## The problem:
Print the lines below from the line with "This view looks" to the line with "実際、履き心地すっごくイイです。 いつもは受注生産してますが、 今回はもうつくっ" exactly, keeping both ends, and print no pictures.

## Available data:
________________
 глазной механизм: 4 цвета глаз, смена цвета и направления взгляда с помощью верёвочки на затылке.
________________
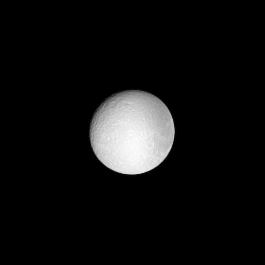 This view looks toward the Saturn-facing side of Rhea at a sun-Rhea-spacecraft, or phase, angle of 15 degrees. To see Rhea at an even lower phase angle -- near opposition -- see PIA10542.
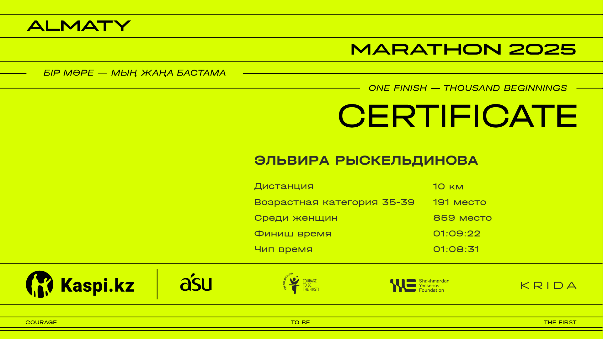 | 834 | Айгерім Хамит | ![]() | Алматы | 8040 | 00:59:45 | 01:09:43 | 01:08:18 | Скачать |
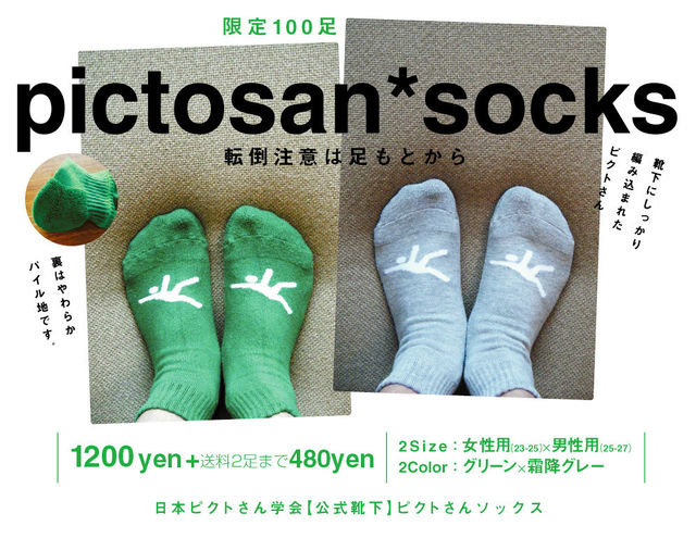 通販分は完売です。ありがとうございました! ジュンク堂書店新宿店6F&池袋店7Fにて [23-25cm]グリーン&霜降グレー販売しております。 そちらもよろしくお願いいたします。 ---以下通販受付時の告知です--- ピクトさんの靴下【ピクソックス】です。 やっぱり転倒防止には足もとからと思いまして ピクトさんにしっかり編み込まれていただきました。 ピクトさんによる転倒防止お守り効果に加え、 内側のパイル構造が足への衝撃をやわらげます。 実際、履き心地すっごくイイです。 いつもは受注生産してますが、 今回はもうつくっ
________________
## Answer for this exercise:
 This view looks toward the Saturn-facing side of Rhea at a sun-Rhea-spacecraft, or phase, angle of 15 degrees. To see Rhea at an even lower phase angle -- near opposition -- see PIA10542.
 | 834 | Айгерім Хамит | ![]() | Алматы | 8040 | 00:59:45 | 01:09:43 | 01:08:18 | Скачать |
 通販分は完売です。ありがとうございました! ジュンク堂書店新宿店6F&池袋店7Fにて [23-25cm]グリーン&霜降グレー販売しております。 そちらもよろしくお願いいたします。 ---以下通販受付時の告知です--- ピクトさんの靴下【ピクソックス】です。 やっぱり転倒防止には足もとからと思いまして ピクトさんにしっかり編み込まれていただきました。 ピクトさんによる転倒防止お守り効果に加え、 内側のパイル構造が足への衝撃をやわらげます。 実際、履き心地すっごくイイです。 いつもは受注生産してますが、 今回はもうつくっ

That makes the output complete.